CHRIS OH: Plays
Chris Oh's first solo exhibition which draws on the allusion of Old Master paintings and drawings. References to Leonardo Da Vinci, Sofonisba Anguissola, Dieric Bouts, Jean-Auguste-Dominique Ingres, Caravaggio, Cristofano Allori, Gustave Courbet and the Fayum mummy portraits of Ancient Egypt abound; in Oh's work, these historical images are imitated and re-interpreted on shoes, clothes, sleeping bags, pillow cases, and other wearable, and often discardable, consumer goods.
Fortnight Institute is pleased to present PLAYS, Chris Oh's first solo exhibition which draws on the allusion of Old Master paintings and drawings.
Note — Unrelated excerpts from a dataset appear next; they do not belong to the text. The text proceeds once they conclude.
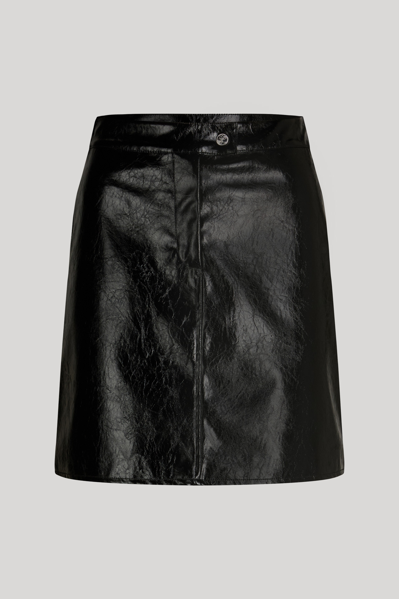 Faux leather in a modern creased look sets the Satsuki skirt apart as a cool piece to pair with blouses, long-sleeved tops or chunky-knit jumpers. The design is accentuated by the inset waistband and offset button and concealed zip duo. A shaping seam adds a striking finish to this item.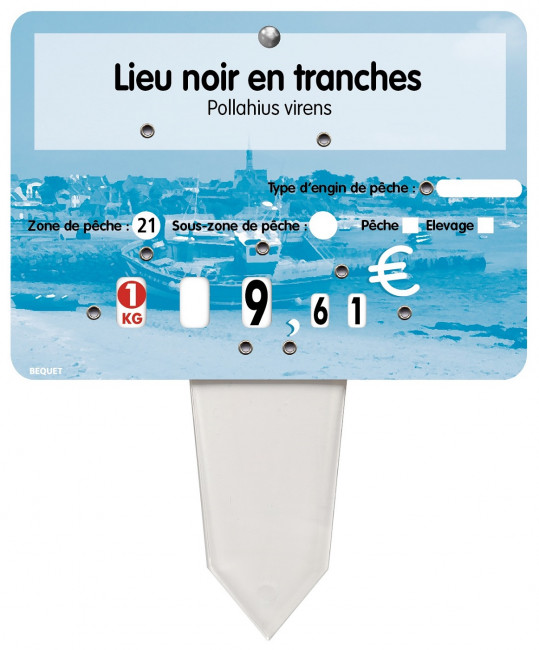 Deux options d’étiquetage sont proposées : une étiquette neutre sans texte ou une étiquette prix poissonnerie personnalisable selon les besoins du point de vente.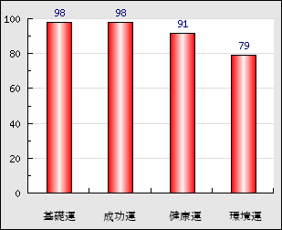 成功運 目的に対する成功運の強さをあらわします。この点数が高いほど自分の思い通りに成功し、逆に悪いと逆境・批判・障害などに苦心します。 98点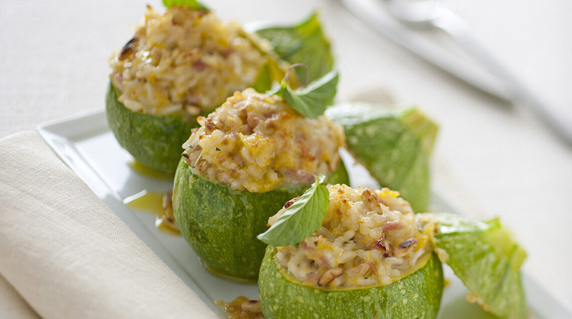 4) Mescola bene il risotto e distribuiscilo all'interno delle zucchine asciugate con carta da cucina, cospargile con il grana rimasto e sistemale in una pirofila imburrata, con accanto le loro calottine. Condisci il tutto con il restante burro fuso e poni in forno già caldo a 200° per circa 10 minuti.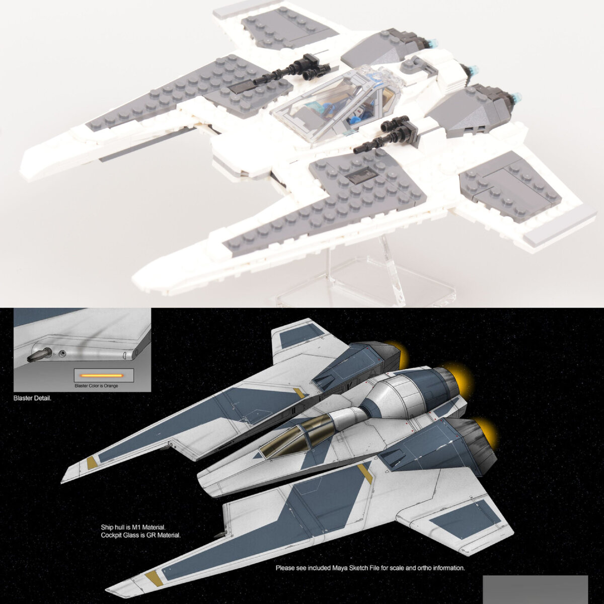 Введение Ниже представлен небольшой разбор истребителя типа "Клык" из набора 75348. К сожалению, интернет подкачал с качественными изображениеми мандалорского истребителя из "Мандалорца", поэтому придется пользоваться наработками по "Повстанцам". Внешний вид Расцветка сильно напоминает вариант из "Повстанцев", но в бело-серой окраске. Не хватает элементов темно-желтого цвета, но тут не поспоришь, т.к. нет оригинала из "Мандалорца". Рисунок в таком масштабе идеально повторить не получилось, но в целом мне нравится то, как это сделано с помощью серых деталей "крыла". Тут же хочется отметить, что геометрия серой детали двигателя будто позаимствована у оригинала. Единственное, что её бы поделить напополам и станет, как в "Повстанцах". Еще одним плюсом набора является детализация низа истребителя. Хотя тут все гораздо проще и "рисунок" далек от оригинала, но все же хорошо, что над этим стали работать. Движки все-таки напоминают версию из сериала. Тут главное отличие в центральном из них. Со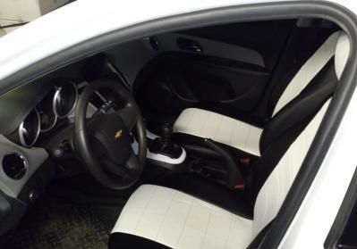 Вопросы и отзывы про Чехлы автомобильные для Chevrolet Cruze, седан/хэтчбек/универсал (черно-белые, экокожа)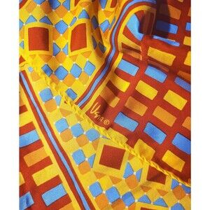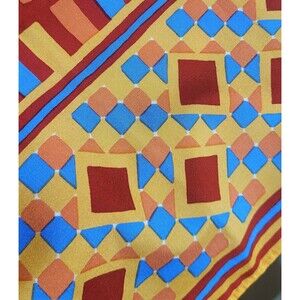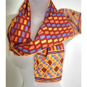 Stunning oblong Vera scarf with Mod geometric print in pale orange,(yellow in some pics) an autumn orange, and red with pops of bird egg blue. Perfect touch of color for neck, hair, purse, and more. Incredibly versatile. A couple snags and smudge see pics, otherwise in excellent condition. Keep in mind color may vary depending on different viewing screens. Appx 47x11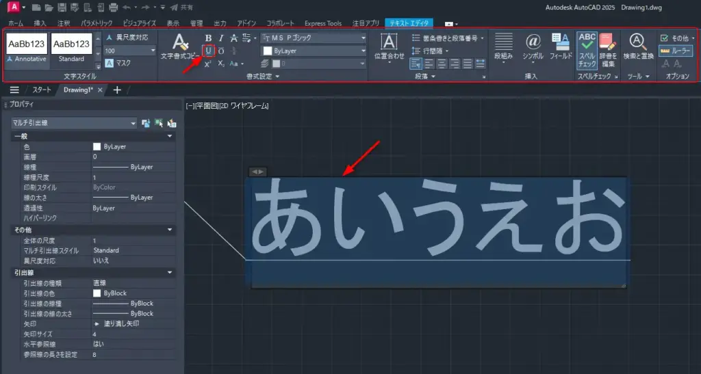 はい、autocad MTEXTについても、下線が二重になる原因は多くの場合、マルチ引出線と同じでテキストエディタ内の書式設定が重複表示されていることです。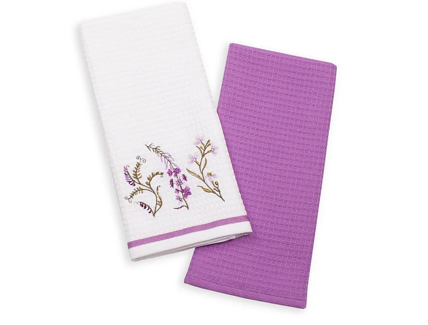 - 1x bílá utěrka s výšivkou a fialovou bordurou

References to Leonardo Da Vinci, Sofonisba Anguissola, Dieric Bouts, Jean-Auguste-Dominique Ingres, Caravaggio, Cristofano Allori, Gustave Courbet and the Fayum mummy portraits of Ancient Egypt abound; in Oh's work, these historical images are imitated and re-interpreted on shoes, clothes, sleeping bags, pillow cases, and other wearable, and often discardable, consumer goods.
The resulting works, which are both droll and eerie, trouble our expectations of how art objects -- particularly those belonging to the revered annals across art history -- should perform. Can they be re-animated? Made illogical? Oh's work, which has immense technical proficiency, courts a strange dissonance: how are we to regard these portraits -- da Vinci's "Head of a Virgin," or a portrait of a countess painted by Ingres -- on Oh's own towels, napkins, and sneaker insoles? The paintings seem to offer as much a commentary on access as they do on capital and cultural value.
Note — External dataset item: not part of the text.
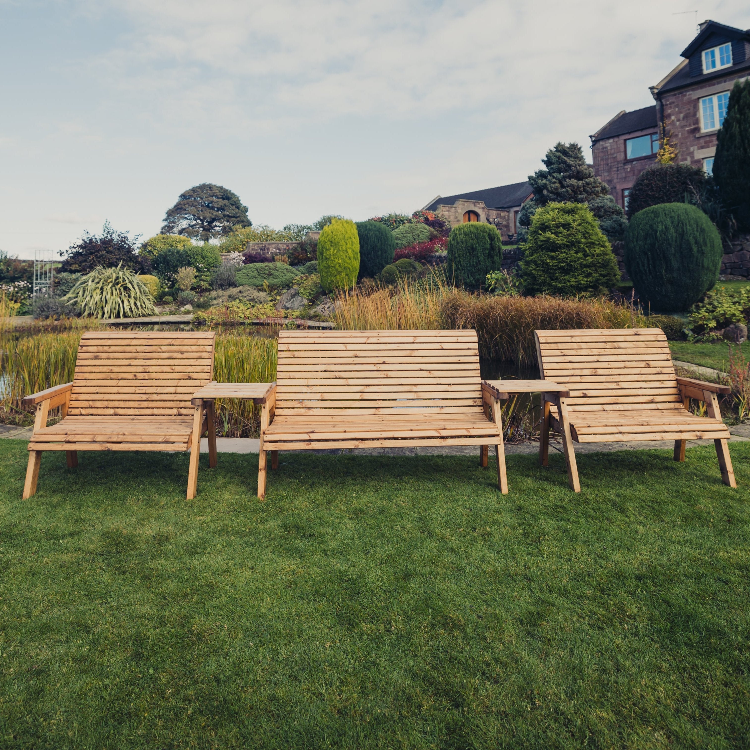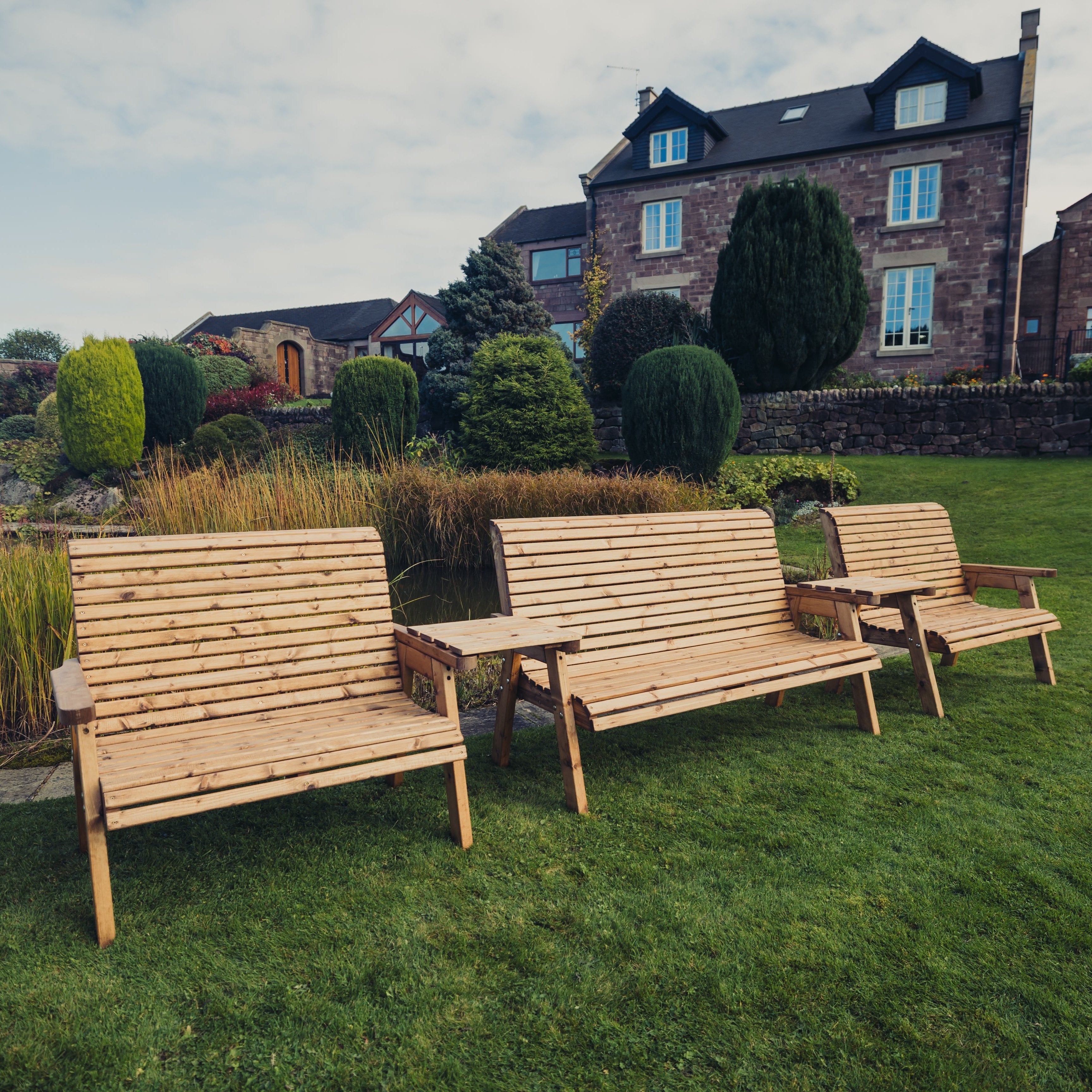 This is a lovely Valley styled 7 seat set straight set, made to sit seven people with 1 x 3 seater bench and 2 x 2 seater benches with straight tray tables. This beautiful brown bench set has been built by British craftsmen in this unique style using the finest Swedish Redwood. Timber has been pre-treated with a basecoat offering antifungal, mould and also UV protection.

Oh doesn't simply reproduce: he edits and modifies. In his piece "Dirge," which references Caravaggio's elegiac "Medusa" from c. 1595-98, Oh provides the severed Medusa a body (many of his works examine the female subject and protagonist). In "Styx," Oh has allowed the folds of the pillowcase to erase portions of the crying figure of "Mater Dolorosa" by Dieric Bouts; they act at once to mime the tears and erase her already minimal figure.
For Oh, PLAYS takes on a double standard: the title references a theatrical production -- full of deliberate blocking, staging, and costumery -- and its opposite, a kind of playfulness, or surprising joke.